■ **Required action**
Your copy should begin with the line containing "This just married", end with the line containing "背景は2日午後5時ごろの帯広情報カメラ", match the listing below exactly, and contain no pictures.

■ **Data shown**

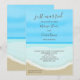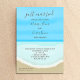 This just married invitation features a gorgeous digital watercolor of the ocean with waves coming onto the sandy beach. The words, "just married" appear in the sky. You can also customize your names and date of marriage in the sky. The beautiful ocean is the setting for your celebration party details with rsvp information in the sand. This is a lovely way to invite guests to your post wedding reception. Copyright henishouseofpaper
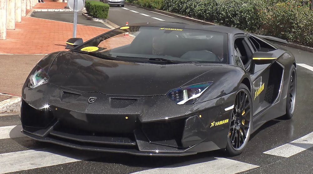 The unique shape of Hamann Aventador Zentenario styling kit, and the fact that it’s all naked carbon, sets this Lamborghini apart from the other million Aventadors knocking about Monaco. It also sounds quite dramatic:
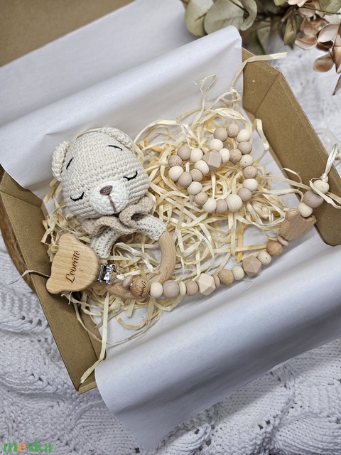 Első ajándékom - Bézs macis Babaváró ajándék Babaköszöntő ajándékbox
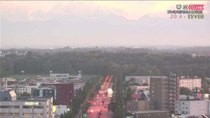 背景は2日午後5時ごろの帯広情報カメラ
* * *
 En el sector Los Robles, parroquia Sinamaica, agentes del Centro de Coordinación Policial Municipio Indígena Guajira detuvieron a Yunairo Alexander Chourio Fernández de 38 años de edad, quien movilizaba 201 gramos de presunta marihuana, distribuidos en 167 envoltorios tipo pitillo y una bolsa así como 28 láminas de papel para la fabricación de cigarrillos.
...
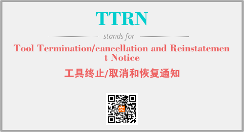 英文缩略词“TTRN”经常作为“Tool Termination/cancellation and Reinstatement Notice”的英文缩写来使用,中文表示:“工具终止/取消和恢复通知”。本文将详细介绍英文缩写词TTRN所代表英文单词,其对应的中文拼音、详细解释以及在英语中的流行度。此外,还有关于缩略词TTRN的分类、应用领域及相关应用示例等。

■ **Task solution**
 This just married invitation features a gorgeous digital watercolor of the ocean with waves coming onto the sandy beach. The words, "just married" appear in the sky. You can also customize your names and date of marriage in the sky. The beautiful ocean is the setting for your celebration party details with rsvp information in the sand. This is a lovely way to invite guests to your post wedding reception. Copyright henishouseofpaper
 The unique shape of Hamann Aventador Zentenario styling kit, and the fact that it’s all naked carbon, sets this Lamborghini apart from the other million Aventadors knocking about Monaco. It also sounds quite dramatic:
 Első ajándékom - Bézs macis Babaváró ajándék Babaköszöntő ajándékbox
 背景は2日午後5時ごろの帯広情報カメラ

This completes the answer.